Why does this look sus? A solution from some time back so I'm not very confident on its accuracy. Consider an element $s \in S$. There are only finitely many possible values for $\gcd(s,t)$ for another $t \in S$ (the divisors of $s$). Thus, there must be some value $k$ such that $\gcd(s,t)=k$ for infinitely many $t \in S$. Consider the set $S$ as a graph with its elements as nodes and the $\gcd$ between two integers as the edge connecting them. Color the edges according to the value (same $\gcd$ means the edges have the same color). We represent the edge between to vertices $a_1,a_2$ by $a_1-a_2$ Consider an element $a \in S$, notice that there must be an infinite set $B$ such that for all $b_i \in B$, $\gcd(a,b_i)$ is the same. Thus, $a-b_1,a-b_2,\dots$ are all of the same color. Let this color be $C_1$. Notice that then, $b_i-b_j$ for all $b_i,b_j \in B$ must also be of $C_1$ (or else we already have a working triplet) Then, by the condition that there exists pairwise distinct $a,b,c,d$ such that $\gcd(a,b)\neq \gcd(c,d)$, so there must be some $c \in S \neq a \not \in B$ such that $a-c$ is not $C_1$. Let this color be $C_2$. Then, notice that $c-b_1$ must be $C_3$ (or else we have a working triplet) since $a-c$ is $C_2$ and $a-b_1$ is $C_1$, similarly, the colors of $c-b_i$ must be distinct for all $i$. Thus, we use all colors $C_3,C_4,\dots$. Now, there must also be infinitely many elements $d_i \in D$ in $S$ such that $\gcd(c,d_i)$ is the same. Then, notice that if atleast two of $d_i \in B$ (say $d_1$ and $d_2$), then we have a working triplet by taking $(c,d_1,d_2)$. If one of them is in $B$, then we have a working configuration by taking $(c,d_1,d_2)$ as well, since if $d_2 \not \in B$ then $d_2-b_i$ is never $C_1$. If none of them is in $B$, then $c-d_i = C_k$ for some $k$ (for all $d_i$)but since all $k$ were used up before, we clearly have a working configuration by taking $(c,d_i,b_j)$ where $c-b_j$ is $C_k$. Thus, all always in an infinite set $S$ of positive integers, such that there exists pairwise distinct integers $a,b,c,d \in S$ satisfying $\gcd(a,b) \neq \gcd(c,d)$, there must exist pairwise distinct $x,y,z \in S$ satisfying $\gcd(x,y)=\gcd(y,z)\neq gcd(z,x)$

why is combo so hard to write up :sob: if anyone could check if im missing anything that would be greatly appreaciated Assume otherwise; i.e. there do not exist integers $x,y,z$ that satisfy the condition. Take some number $p \in S;$ then by infinite pidgeonhole principle there exists some infinite set $K \subset S$ such that for all $k \in K$, $\gcd(p, k) = d$ for some fixed $d \mid p$ ($p \in K$). By the assumption, any $k_1, k_2 \in K$ must have $\gcd(k_1, k_2) = d$. WLOG assume $K$ is maximal (i.e. all $q \notin K$ do not have $\gcd(p,q) = d$); otherwise simply add any number that satisfies the condition for $K$ into $K$, and it will share a gcd with all other members of $K$ by the assumption. Clearly, by the condition, $K \neq S$; however, for any $a \notin K$, one can clearly select two integers $k_1, k_2 \in K$ such that $\gcd(a, k_1) = \gcd(a, k_2) \neq \gcd(k_1, k_2) = d$, contradiction.

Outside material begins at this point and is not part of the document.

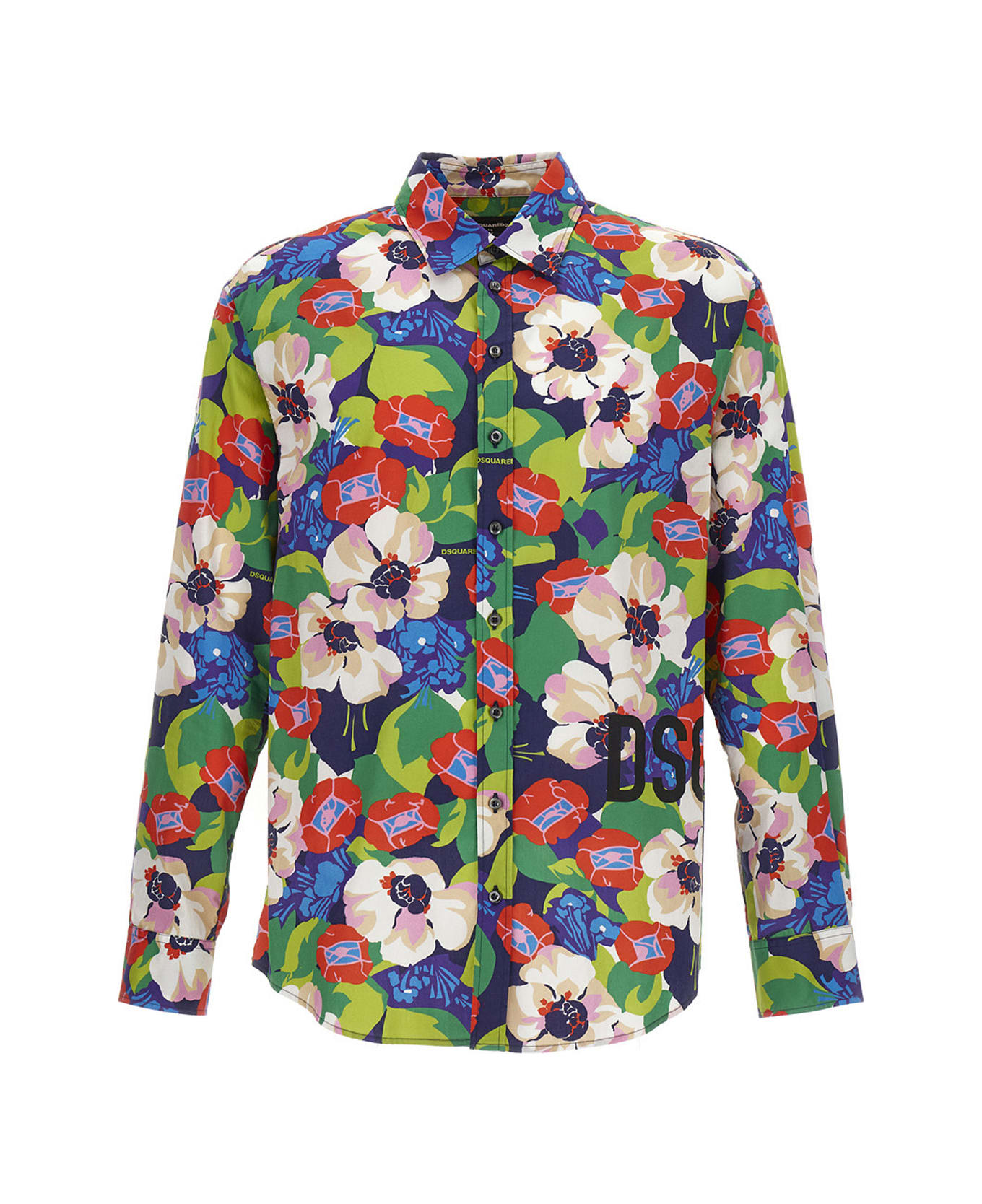 Dropped Shoulder' cotton shirt with all over floral print, button closure, long cuffed sleeves.

The set of possible values of $gcd(n, x)$ with $n, x \in S$ as $x$ ranges is finite, it has to be a divisor of $n$. Since $x$ can take on infinitely many values, there is some value $d|n$ such that $gcd(n, n_i) = d$ for infinitely many $n_i$. FTSoC, asume that its impossible to have $\gcd(x,y)=\gcd(y,z) \neq \gcd(z,x)$. Then for all triples $x, y, z$, $$\gcd(x,y) = \gcd(y, z) \implies \gcd(x,y) = \gcd(y, z) = \gcd(x, z).$$ This means that $\gcd(n_i, n_j) = d$ for all $i, j$. Now consider any number $m$ outside the possible $n_i$'s, so $\gcd(n_i, m) \neq d$. Since the set of all $n_i$'s is an infinite set, and the values $\gcd(m, n_i)$ can only take finitely many values(the divisors of $m$, then there are infinitely many $n_j$ such that $gcd(m, n_i) = \gcd(m, n_j) \neq d$. However, $\gcd(n_i, d) = \gcd(n_j, d) = \gcd(n_i, n_j) = d$, a contradiction to the existence of $m$. Thus, all numbers in the set have a pairwise gcd of $d$, a contradiction, as we can't have $\gcd(a, b) \neq \gcd(c, d)$. Thus, there must exist $x, y, z \in$ such that $\gcd(x,y)=\gcd(y,z) \neq \gcd(z,x)$.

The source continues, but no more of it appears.